**Saved entries**
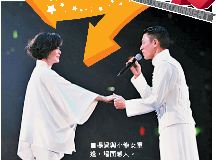
楊過與小龍女重逢，場面感人。

香港文匯報訊 《劉德華Unforgettable演唱會》前晚於一片吶喊聲中圓滿結束，華仔竭力演出，務求令歌迷盡興而歸。演唱會亦吸引多位圈中好友出席捧場，包括有鍾楚紅、陳伶俐和新歡、方逸華帶同三位愛將陳志雲、李寶安、樂易玲等前來捧場。
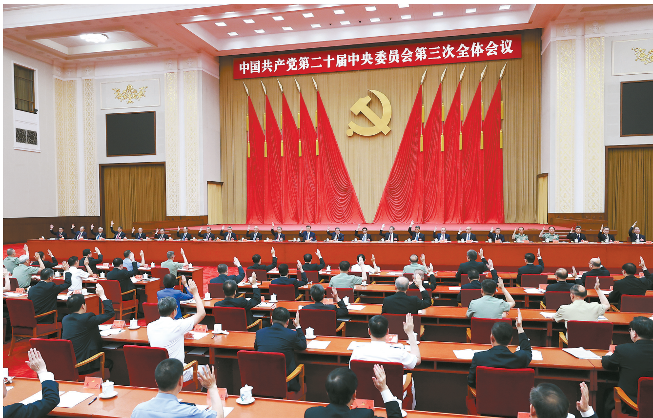
● 中国共产党第二十届中央委员会第三次全体会议,于2024年7月15日至18日在北京举行。中央委员会总书记习近平作重要讲话。
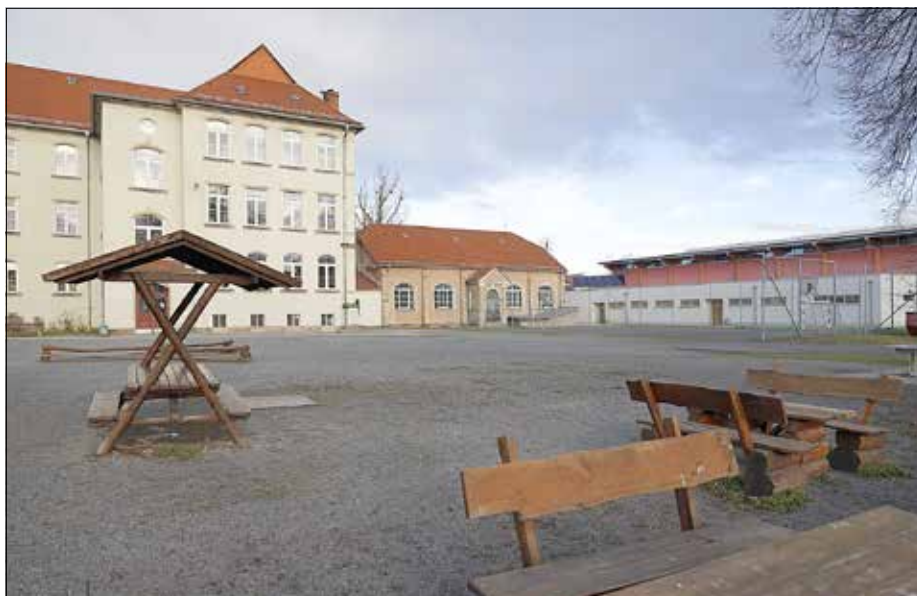
Alte Turnhalle (Bildmitte)

Diese Maßnahme wird mitfinanziert durch Staatsermittelte auf der Grundlage des vom Sächsischen Landtag beschlossenen Haushaltes.
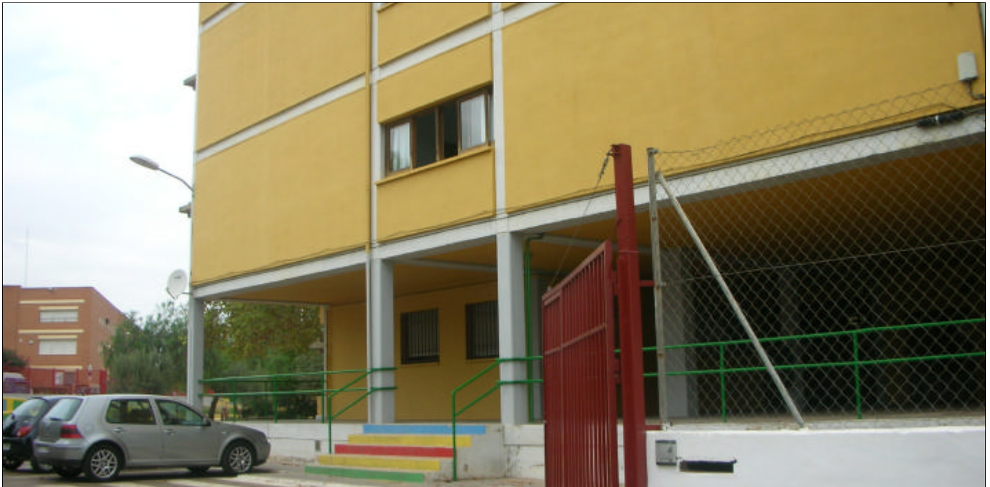
El Colegio Público Jaume I comenzó el curso con una nueva unidad de 3 años sin dotación y va camino de la masificación, con 9 unidades de educación infantil.

La masificación y la imprevisión causan graves problemas en el inicio de curso
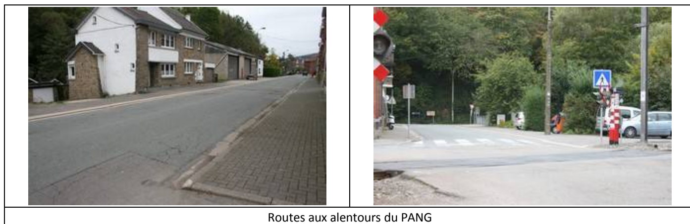
Routes aux alentours du PANG
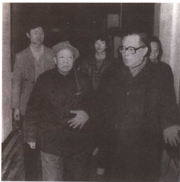
江泽民与赵超构交谈
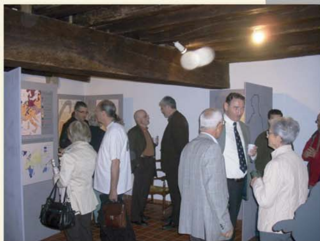
Inauguration de l'exposition Jean Calvin & le Béarn.

**Your goal**
Please determine how many lines in the entries contain the word "curso" and answer with the number alone.

**Task answer**
2